When (spoiler) Aristy finally finds Picti, she enters his simulation and goes through the timeline, watching as it veers from reality into fantasy (during this sequence Picti turns himself into a god). Then she appears to tell him that he is to stand trial for his crimes, and Picti learns what has happened over the last 1000 years. Meanwhile, the reader learns that Aristy was one of the waking crew of the starship, and deliberately killed its sleepers. We aren’t really told why Aristy did this, but the ending has such an intense, almost hallucinatory, quality that I wasn’t as bothered about this unresolved subplot as I might have been.
This is an original piece, has a complex development and, all in all, is pretty good.
***+ (Good to Very Good). 10,600 words.

Fasterpiece by Ian Creasey

Fasterpiece by Ian Creasey (Asimov’s Science Fiction, January-February 2022) opens with the wife of an artist watching him at work:

As Elaine harvested plums, carrying them from the garden to the kitchen, she glanced through the large windows of Barnaby’s studio.
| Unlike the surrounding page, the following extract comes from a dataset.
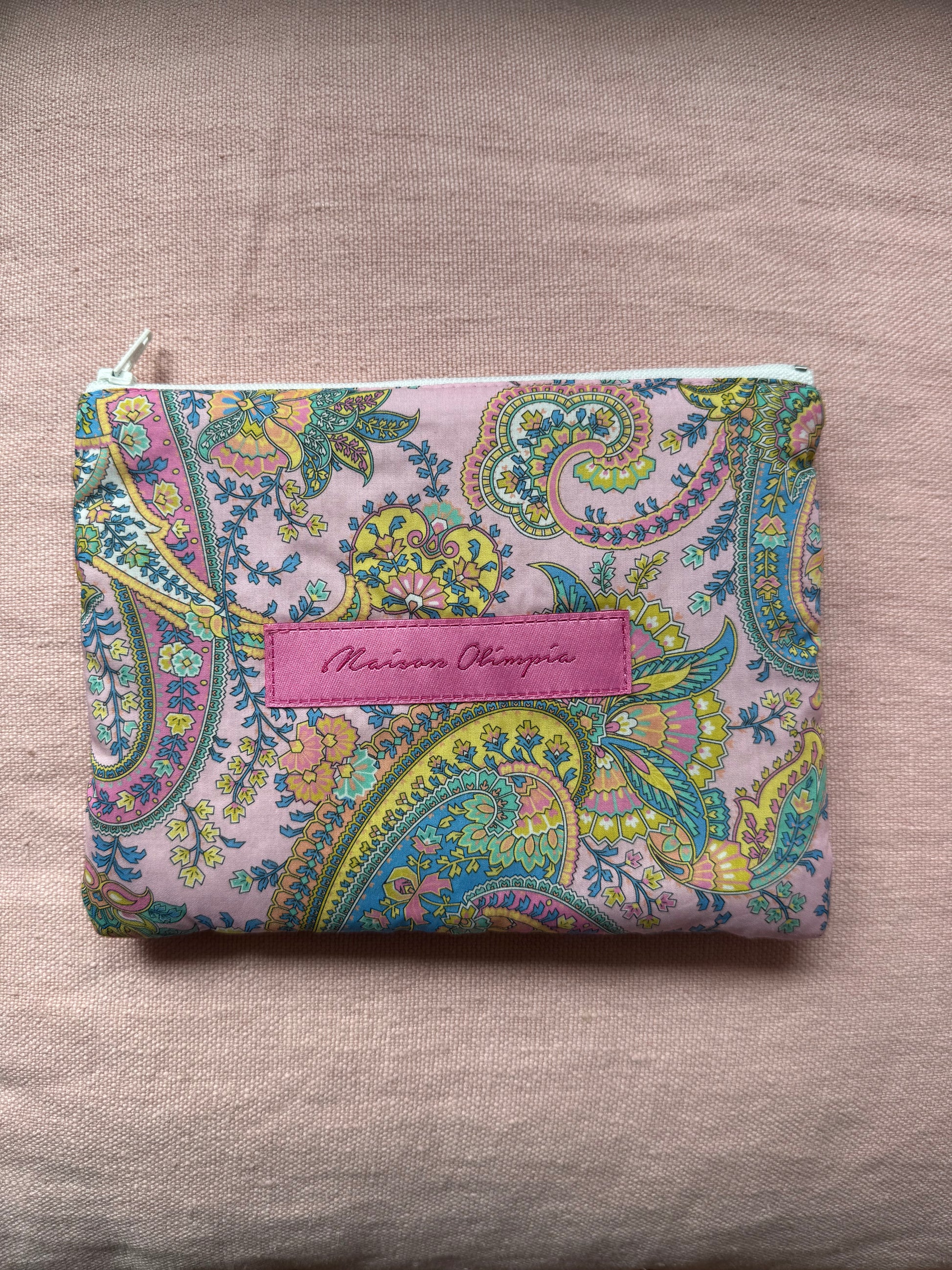 Elegante e funzionale, questa bustina piatta è realizzata in 100% cotone con una fantasia Liberty originale che dona un tocco raffinato e senza tempo. L'interno è morbidamente imbottito con cotone, ideale per proteggere piccoli oggetti come trucchi, accessori o articoli da viaggio. Perfetta da tenere in borsa o da regalare.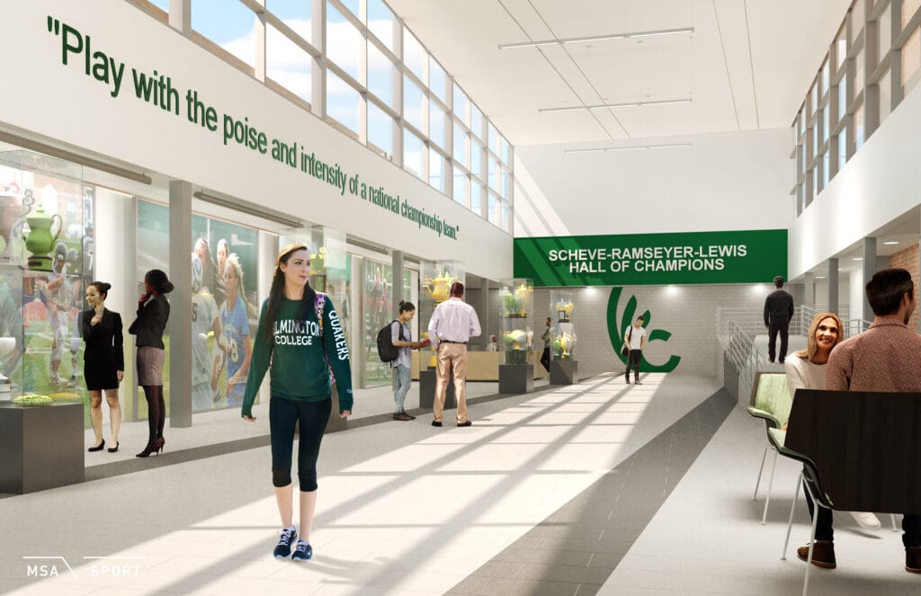 New construction associated with the Scheve Athletic Center features a grand entrance off Elm Street, located in the space between Hermann Court and the QRC, the Hall of Champions and a new façade on the street-facing side of the QRC. Scheve wished to build the Hall of Champions as a means of recognizing the College’s significant success in its athletic programs throughout its history. Its namesakes are Scheve and, per his wishes, two other legendary WC coaches, Bill Ramseyer and Bud Lewis, both of whom are enshrined in WC’s Athletic Hall of Fame.

She could barely see her husband: only a blur as he moved with superhuman rapidity, augmented by the Alipes system. He flitted between three separate canvases, executing portraits simultaneously in watercolors, oils, and pastels. Today’s client sat at the far end of the studio, her stillness emphasized by the contrast with Barnaby’s whirlwind. Elaine disliked these Alipes-assisted commissions, but many customers appreciated the shorter modeling time.  p. 124

It turns out that the husband, Barnaby, has some sort of time-acceleration device fitted (similar in effect, I guess, to Gully Foyle’s commando wiring in The Stars My Destination by Alfred Bester).
His wife is not happy, however, for two reasons, (a) he isn’t using the time saved to spend more time with her and (b) she fears that, with so many using the Alipes system, the market will be saturated with artwork. After discussing the latter problem with Barnaby (she is his agent), he decides to head off to the Birmingham Wipe (the site of a nanotech accident that has turned a large swathe of terrain into glass) to see if an artists’ collective he knows of can produce something special—and saleable—before the art bubble bursts. After he leaves Elaine goes to see her sister, who is living as a refugee in a half-drowned London.
So far, so good: there is a novel SF gimmick, interesting characters, and an intriguing background. Unfortunately, however, the rest of the story sees Elaine head up to Birmingham to find her husband (Barnaby is spending too much subjective time away from her), at which point (spoiler) all the Alipes time-acceleration stuff is jettisoned and the story devolves into a bland fantasy adventure in a virtual reality populated with charismatic queens, dragons, etc. (and this latter part is not much improved by worthy discussions about art or mentions of Picasso’s Guernica). Very much a game of two halves.
** (Average). 9,100 words. Asimov’s SF store.